CARmen

Inspiration

We took on the SEAT challenge because we felt a personal drive to push ourselves and to test the limits of our knowledge, which a project like this one might surely do.

Project Overview

We developed an intuitive and intelligent platform that helps potential buyers interact with and explore the Cupra Tavascan. Through a combination of conversational interfaces, image understanding, and immersive visualization, users can get to know the car in a more engaging and informative way.

Key Features

Chatbot: Provides accurate, conversational responses to questions about features, specifications, pricing, and more.
3D Simulation: Offers an interactive experience to explore the interior of the Cupra Tavascan.
Image Recognition: Allows users to upload photos of the vehicle or specific components to receive detailed information.
Object Detection: Automatically identifies and labels parts in images
User Experience: The interface is designed with Cupra’s visual identity in mind—clean, modern, and easy to navigate.

How It Works

1. Data Preprocessing

We begin by processing the Cupra Tavascan user manual (PDF):

The content is divided into meaningful sections (e.g., safety, dashboard, controls).
Text and images are extracted and indexed for later retrieval.
Metadata such as section titles and page numbers is added to enable context-aware search.

2. Retrieval-Augmented Generation (RAG)

To answer user questions, we use a Retrieval-Augmented Generation approach:

A vector database stores embeddings of the manual's content, including both text and images.
When a query is made—either as text or via image selection—the system retrieves the most relevant chunks.
A language model (LLM) uses the retrieved information to generate accurate and grounded answers.

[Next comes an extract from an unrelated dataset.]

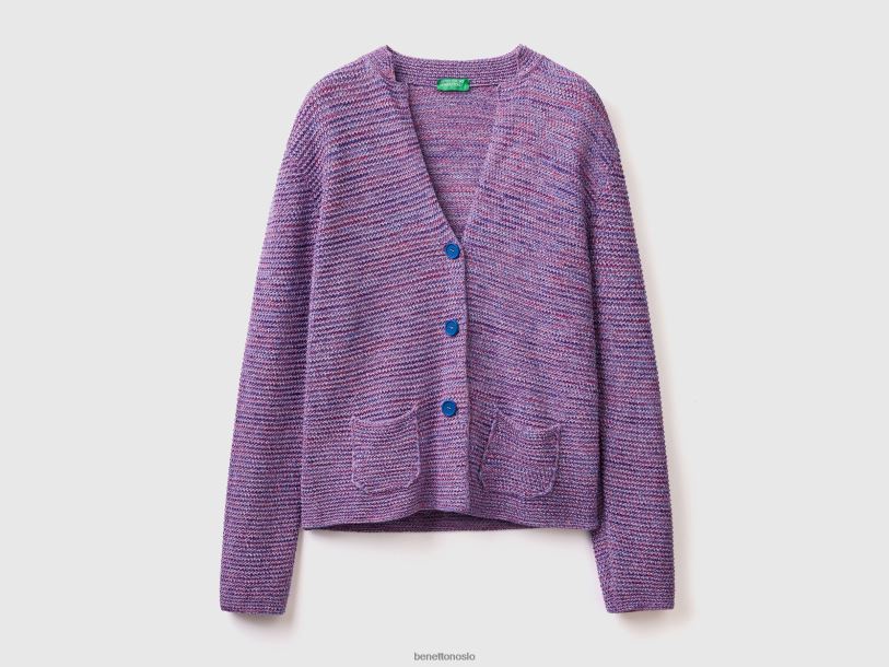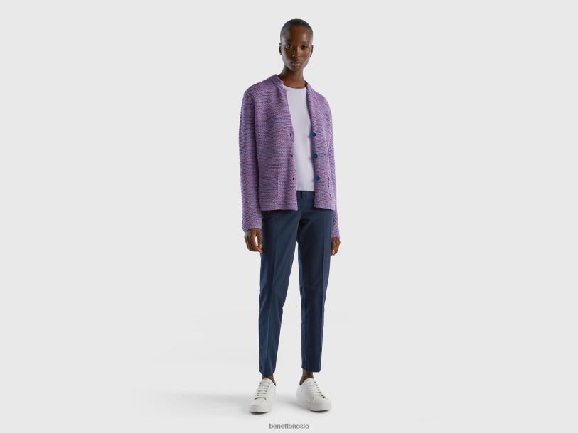 fiolett Benetton kvinner 100 % strikket jakke i bomull 20TRB3583

This system supports both textual questions and interactions based on specific regions within uploaded images.

3. User Interface

The frontend is designed for clarity, responsiveness, and ease of use:

Users can upload an image and select an area to receive relevant information.
A chatbot provides natural language interaction for asking questions about the vehicle.
A 3D simulation allows users to visually explore the interior of the Cupra Tavascan.
All results are shown in a clear and informative way, maintaining a consistent visual design aligned with the Cupra brand.

Technical Implementation

Our system is composed of the following main components:

Data Preprocessing: The Cupra manual is parsed, segmented, and enriched with metadata for efficient search.
Vector Indexing: Text and image embeddings are stored in a vector database to enable semantic similarity search.
RAG Pipeline: Combines vector-based retrieval with a large language model to generate context-based answers.
Frontend: A web application that handles image uploads, region selection, chatbot interaction, and 3D visualization.
Image Processing: Uses the Canvas API to extract selected image regions and send them in base64 format to the backend.
Backend API: Processes inputs, retrieves relevant content, and returns formatted explanations for the frontend to display.